The panel’s second paper, by Larry Wolff, proposes that we also regard Richard Strauss’ Die Frau ohne Schatten as “festival opera.” Here it is not the association with a particular festival, but rather the work’s considerable artistic demands – a massive orchestra, difficult vocal writing, complicated scene changes – that encouraged theaters to reserve its performance for festive occasions. Analyzing the opera’s inclusion in festival programs in both Austria and the United States sheds light on evolving understandings of “festival opera,” but also opera festivals as a cultural and political practice.

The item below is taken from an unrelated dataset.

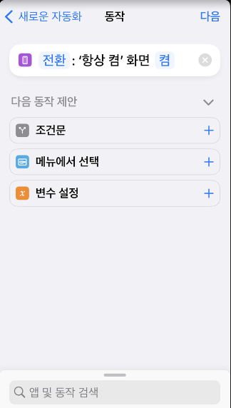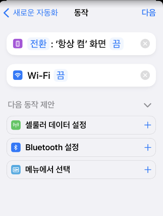 동작 다 설정했으니' 오른쪽 위 '다음'을 누르자.

Finally, Emily Richmond Pollock’s paper examines the ways in which festivals at Bayreuth, Salzburg, and Glyndebourne set the template for opera festivals founded in the United States in the mid-twentieth century. In crucial matters such as the geographic and chronological separation of festivals, the orientation to new and rare works, and the relationship to tourism, American festivals drew on the defining characteristics of existing European precedents.